# Ladies, would you date a man with a small dong?



## TPower (Feb 3, 2011)

Tell us.


----------



## visualkeirockstar (Aug 5, 2012)

Yes they will. I ask this before.


----------



## CristianNC (Jun 24, 2012)

Interesting slang. I had to read that four times to realize it didn't say "small dog".


----------



## SilentLyric (Aug 20, 2012)

looks like no is winning. no ladies want to admit by posting though.


----------



## Phalene (Feb 15, 2013)

I would have little idea of what is small or big, so the question is moot.


----------



## life01 (Feb 20, 2013)

can op tell us what he means by large or small dick


----------



## TheoBobTing (Jul 8, 2010)

Phalene said:


> I would have little idea of what is small or big, so the question is moot.


I can only estimate based on my own dimensions.
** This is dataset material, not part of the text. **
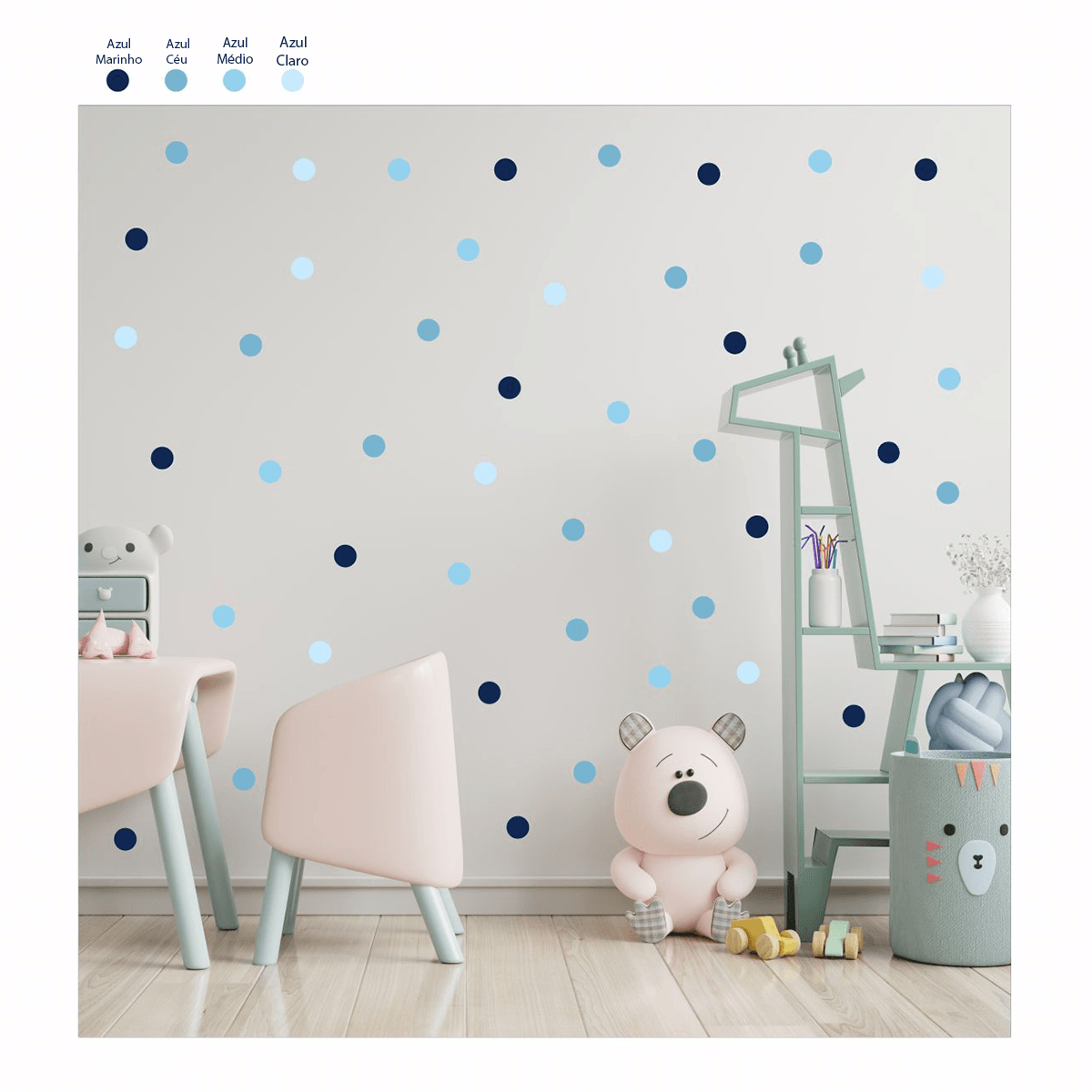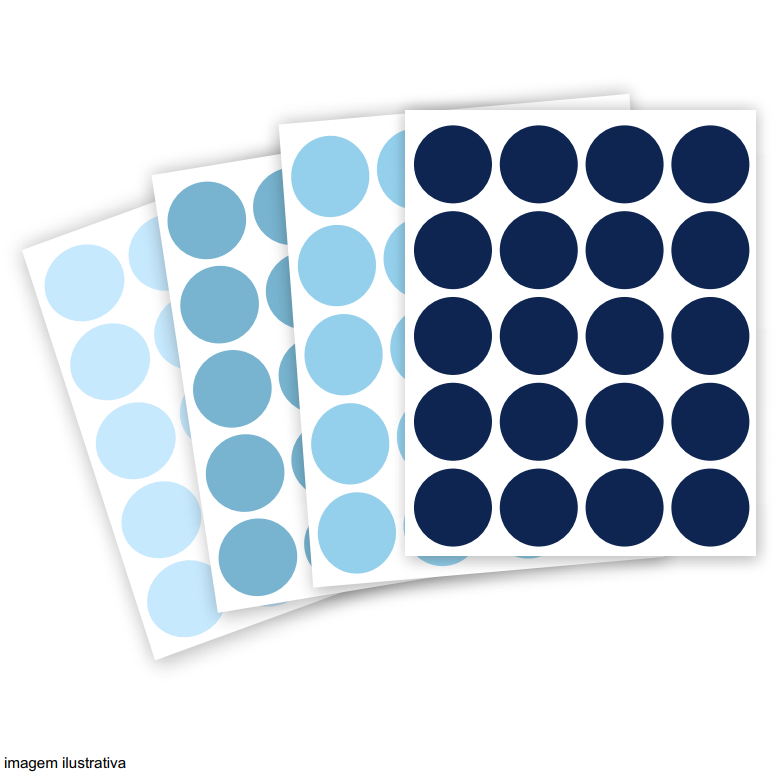 KIT MINI ADESIVO BOLINHAS 4 CORES AZUL MARINHO, AZUL CÉU, AZUL MÉDIO E AZUL CLARO

Thus, I'd say anything less than thirteen inches is on the small side, with sixteen being the norm. I'm not sure about erect dimensions though.


----------



## nubly (Nov 2, 2006)

mark101 said:


> How come you cant see who voted?


I don't think some people would vote if the board allowed us to know who voted for what. My question is why does the board give you a warning that the poll is public when it doesn't tell you who voted for what anyway.


----------



## Phalene (Feb 15, 2013)

What I meant is that as I never saw any penis, my highly-improbable boyfriend could have a cucumber or a sea slug that I couldn't really say for sure if it's on the big or the small side... But I'll bring my measuring tape in case 8)


----------



## Monotony (Mar 11, 2012)

TheoBobTing said:


> I can only estimate based on my own dimensions. Thus, I'd say anything less than thirteen inches is on the small side, with sixteen being the norm. I'm not sure about erect dimensions though.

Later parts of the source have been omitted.